What the task requires |
Beginning with the line where "Short Mongolian Fur" appears, restate each line word for word until the data ends. Pictures do not go in.

Information given |
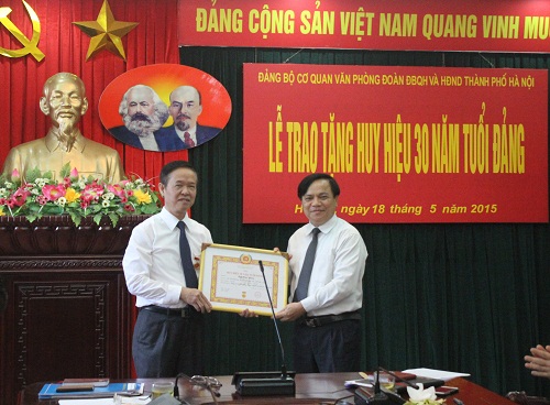 Trong không khí phấn khởi mừng kỷ niệm 125 năm ngày sinh Chủ tịch Hồ Chí Minh (19/5/1890 - 19/5/2015), Chào mừng Đại hội Đảng các cấp tiến tới Đại hội đại biểu toàn quốc lần thứ XII của Đảng. chiều ngày 18/5/2015 Đảng bộ cơ quan Văn phòng Đoàn ĐBQH và HĐND thành phố Hà Nội trang trọng tổ chức Lễ trao tặng Huy hiệu 30 năm tuổi đảng cho đồng chí Bùi Đức Hiếu - Bí thư Đảng ủy, Chánh Văn phòng Đoàn ĐBQH và HĐND Thành phố.
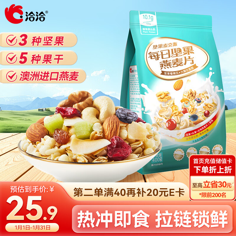 洽洽每日坚果燕麦片麦克斯400g家庭装营养早餐混合果干速食代餐恰恰
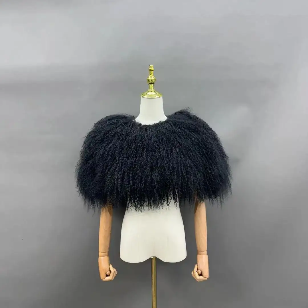 Short Mongolian Fur Coat Poncho For Woman Cropped Fur Jacket Luxury...
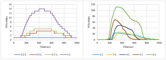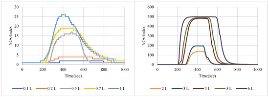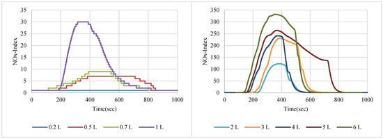 The step response time for the SGP41 sensor for NOx-Index shows that the maximum recorded T90 for the selected samples with two volumes of 1 L and 6 L was 260.1 s for a 1 L of NOx gas mixture sample produced by a benzene engine and the minimum recorded T90 step time response was 113.4 for a 1 L of NOx gas mixture produced by a diesel engine. When comparing the results in Figure 21, we find that the response and recovery times vary at some volumes according to different samples, and this can also be distinguished by referring to Figure 7, Figure 8 and Figure 9, in which some abnormal readings appear that may be due to the SGP41 sensor repeatability [24].
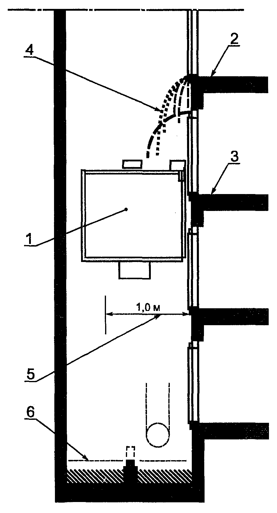 4 - потоки воды; 5 - зона, в которой лифтовое
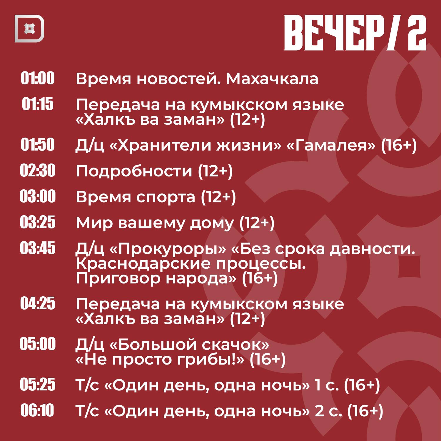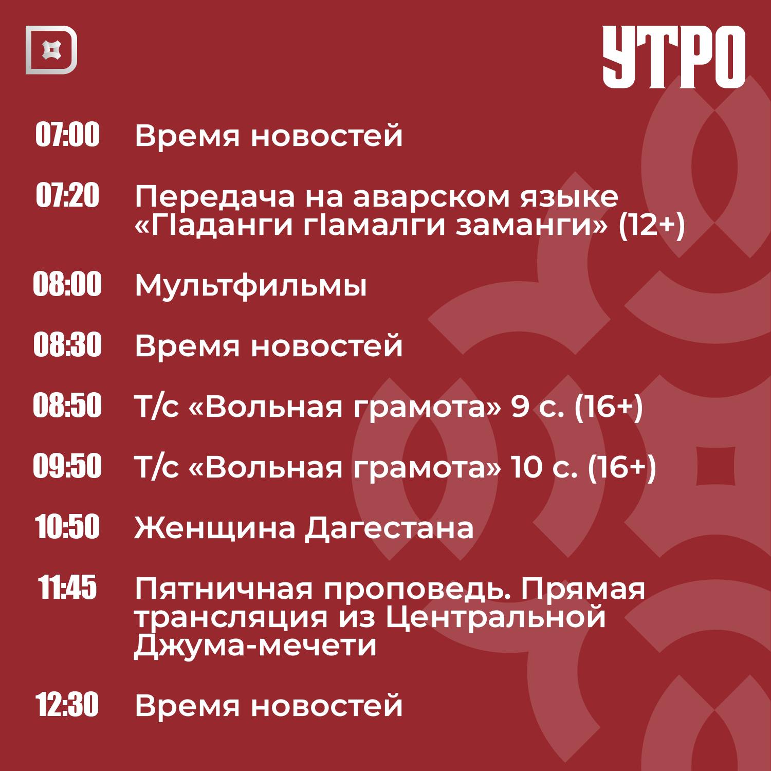 Телепрограмма РГВК «Дагестан» на сегодня
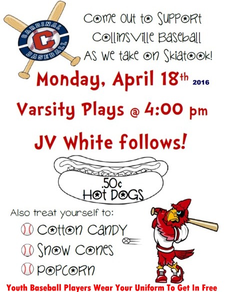 April 228am Boys Tennis at Duncan CHS Seniors Cap & Gown Photos 1:30 Collinsville HS Track Meet tba CHS Baseball at McAlester Tourn. 4:30/6/8pm CHS Soccer here -vs- Pryor (Cardinal TV) -- SR Nite |
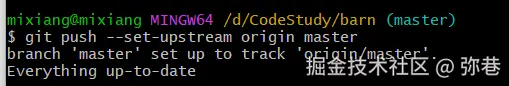 --set-upstream表示将本地分支推送到远程的同时并且建立起本地的当前分支和远端分支的关联关系,这样后面再次推送时Git就可以根据这个关联关系来判断我们想推送到远端的哪个分支上,这时就可以只输git push来完成推送操作。- 比如:

Solution |
 Short Mongolian Fur Coat Poncho For Woman Cropped Fur Jacket Luxury...
 The step response time for the SGP41 sensor for NOx-Index shows that the maximum recorded T90 for the selected samples with two volumes of 1 L and 6 L was 260.1 s for a 1 L of NOx gas mixture sample produced by a benzene engine and the minimum recorded T90 step time response was 113.4 for a 1 L of NOx gas mixture produced by a diesel engine. When comparing the results in Figure 21, we find that the response and recovery times vary at some volumes according to different samples, and this can also be distinguished by referring to Figure 7, Figure 8 and Figure 9, in which some abnormal readings appear that may be due to the SGP41 sensor repeatability [24].
 4 - потоки воды; 5 - зона, в которой лифтовое
 Телепрограмма РГВК «Дагестан» на сегодня
 April 228am Boys Tennis at Duncan CHS Seniors Cap & Gown Photos 1:30 Collinsville HS Track Meet tba CHS Baseball at McAlester Tourn. 4:30/6/8pm CHS Soccer here -vs- Pryor (Cardinal TV) -- SR Nite |
 --set-upstream表示将本地分支推送到远程的同时并且建立起本地的当前分支和远端分支的关联关系,这样后面再次推送时Git就可以根据这个关联关系来判断我们想推送到远端的哪个分支上,这时就可以只输git push来完成推送操作。- 比如:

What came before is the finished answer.